Throughout Earth’s ancient history, there were several periods of time when many fish actually favored the cold, dark, barren waters of the deep sea, according to new research.

The deep sea contains more than 90% of the water in our oceans, but only about a third of all fish species. Scientists have long thought the explanation for this was intuitive—shallow ocean waters are warm and full of resources, making them a prime location for new species to evolve and thrive.

“It’s easy to look at shallow habitats like coral reefs, which are very diverse and exciting, and assume that they’ve always been that way,” says Elizabeth Miller, who completed the study as a postdoctoral researcher in the University of Washington School of Aquatic and Fishery Sciences and is now a postdoctoral fellow at the University of Oklahoma. “These results really challenge that assumption, and help us understand how fish species have adapted to major changes to the climate.”

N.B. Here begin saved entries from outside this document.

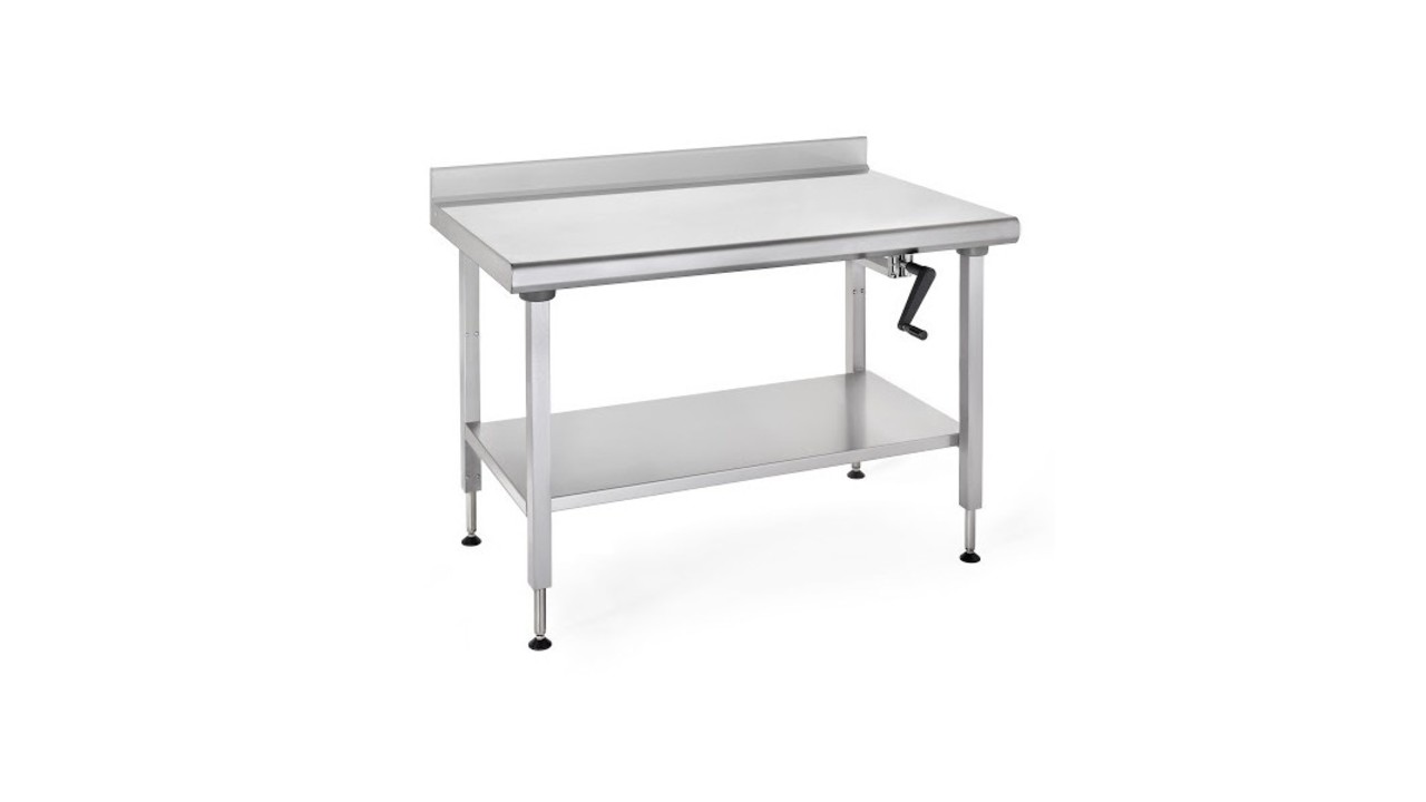 Na het verstellen van de hoogte kan de slinger onder het werkblad worden geklapt, waardoor het risico op blijven haken of schokken wordt vermeden.
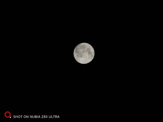 我们使用努比亚Z80 Ultra的后置摄像头拍摄了中秋节当天的月亮。在远摄模式下开启超级月亮模式,手机能够清晰地捕捉到月亮表面,色彩还原也非常准确,将月亮的神秘与美丽完美地呈现出来。
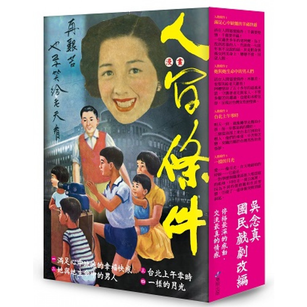 停格最深的感動 • 交流最真的情感 不說教、不喊口號,以最平實的方式、最親近的語言說故事的舞台劇《人間條件》系列,被譽為台灣「國民戲劇」,自2001年首演以來,感動成千上萬人,不僅場次、票房屢屢刷新記錄,更締造了台灣劇場的新氣象,讓看戲變成人與人之間情感交流的儀式,彼此分享人生的悲喜。 漫畫版《人間條件》保留原汁原味的真情真意,更進一步突破舞台劇的侷限,藉由更寫實的時代場景、更細膩的情感鋪陳,將本系列特有的庶民生活,描繪得更淋漓盡致,而不限時空的閱讀方式,更適合普羅大眾珍藏。 人間條件1 滿足心中缺憾的幸福快感 活在人間需要條件:千萬要堅強、千萬要幸福! 一位過世多年的老阿嬤,為了找到思慕的人,告訴他一句當年來不及說的話,於是附身到孫女阿美身上,戀戀不捨、回望人間。 人間條件2她與她生命中的男人們 活在人間需要條件:再艱苦,也要笑給老天爺看! 阿嬤堅持了五十多年的道義承諾,守護著老宅與家人,不管多艱苦的遭遇,也能如水般包容,呈現出台灣女性的堅強。 人間條件 3 台北上午零時 明天一到,就像剛學走路的小孩,每一步都是新的開始。 三個從南部上來台北打拼的年輕人,他們的希望、辛苦與苦戀,交織出屬於台灣男性的青春夢。 人間條件4 一樣的月光 愛……像月光,在天地最暗的時候……它最亮。 一對學歷與職業高低大相逕庭的姐妹,同住在一間公寓裡,因為不同的價值觀和生活習慣,引發了一連串衝突與情感糾葛。
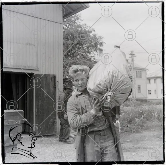 pojke, säck, arbete, gård, byggnad, sommar, landsbygd, leende, kläder, trä, natur, bakgrund, historia, svartvit, ungdom, utomhus, lasta, jordbruk, tradition, gemenskap, aktivitet, barn, skörda, landskap, fotografi, 1900-tal, kultur, nostalgi, enkelhet
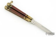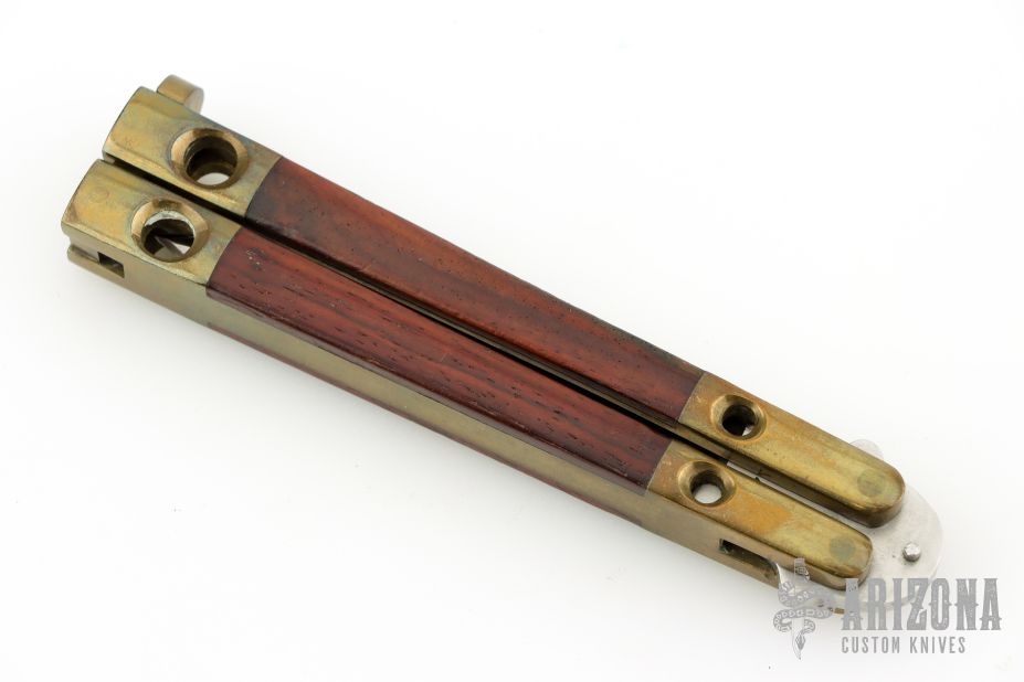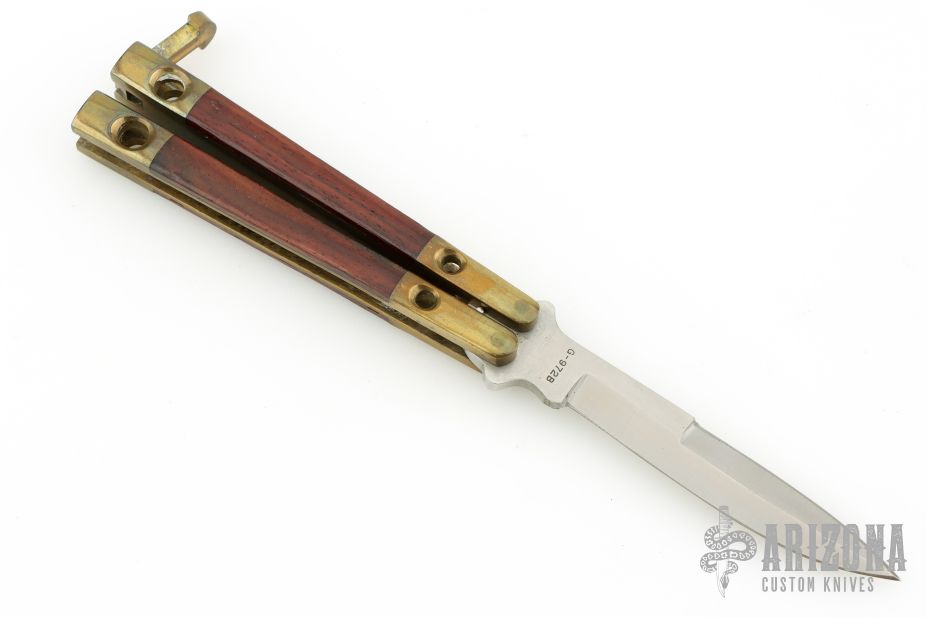 This Manilla Folder Balisong from Taylor/Seto features a satin finished spear point blade with a false top edge. The handle has an integral brass construction with rosewood inlays. Batangus style T latch on pommel. Has some patina and scratches, otherwise great condition.
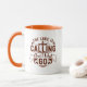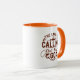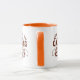 The bold design is printed on a crisp white ceramic base, complemented by a vibrant orange handle and inner color for a bright, energetic touch.
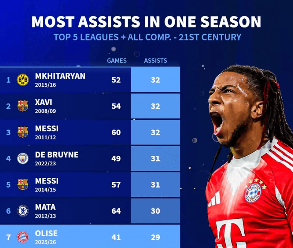 本世纪五大联赛球员单季各赛事助攻榜:奥利塞距榜首仅差3助

The deep sea is typically defined as anything below about 650 feet, the depth at which there is no longer enough sunlight for photosynthesis to occur. That means there is far less food and warmth than in the shallows, making it a difficult place to live.

By analyzing the relationships of fish using their genetic records going back 200 million years, Miller was able to identify a surprising evolutionary pattern: the speciation rates—that is, how quickly new species evolved—flip-flopped over time. There were periods lasting tens of millions of years when new species were evolving faster in the deep sea than in more shallow areas.

In some ways, this discovery raises more questions than it answers. What was causing fish to prefer one habitat over another? What made some fish able to move into the deep sea more easily than others? And how did these ancient shifts help create the diversity of species we have today?

When Miller mapped these flip-flopping speciation rates onto a timeline of Earth’s history, she was able to identify three major events that likely played a role.

“The first was the breakup of Pangea, which occurred between 200 and 150 million years ago,” says Miller. “That created new coastlines and new oceans, which meant there were more opportunities for fishes to move from shallow to deep water. There were suddenly a lot more access points.”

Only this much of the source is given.